Practical Machine Learning With Apache Spark
This intensive hands-on training introduces the audience to the core aspects of scalable data processing using Python on the Apache Spark platform. The students will learn the essentials of Python with the primary focus being on the capabilities of the Apache Spark platform and its Machine Learning module. The students will be introduced to the terminology, concepts, and algorithms used in Machine Learning.
Audience
This course is suitable for: Data Scientists, Business Analysts, Software Developers, IT Architects.
Prerequisites
Participants should have a working knowledge of Python or have strong programming experience with another language. Familiarity with core statistical concepts such as variance, correlation, etc. is helpful.
- What is Data Science?
- Machine Learning Life-Cycle
- Overview of Python for Data Science
- Introduction to Apache Spark
- The Spark Shell
- Introduction to Jupyter Notebooks
- Data Visualization with matplotlib
- Data Science and ML Algorithms with PySpark
Is there a discount available for current students?
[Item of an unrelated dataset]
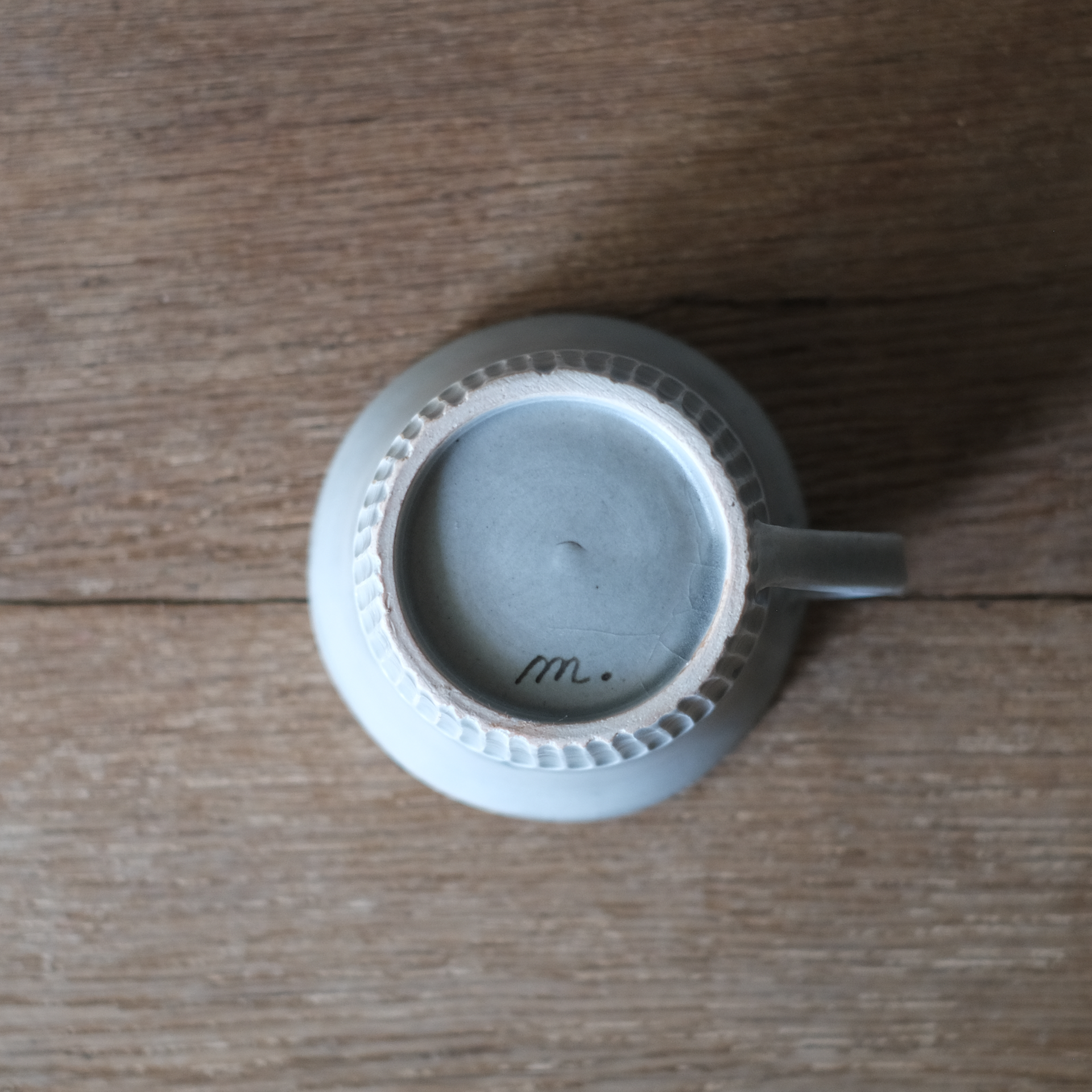 カップの底には石渡磨美さんの「m.」のサインが入っています。

UMBC students and alumni, as well as students who have previously taken a public training course with UMBC Training Centers are eligible for a 10% discount, capped at $250. Please provide a copy of your UMBC student ID or an unofficial transcript or the name of the UMBC Training Centers course you have completed. Asynchronous courses are excluded from this offer.
What is the cancellation and refund policy?
Student will receive a refund of paid registration fees only if UMBC Training Centers receives a notice of cancellation at least 10 business days prior to the class start date for classes or the exam date for exams.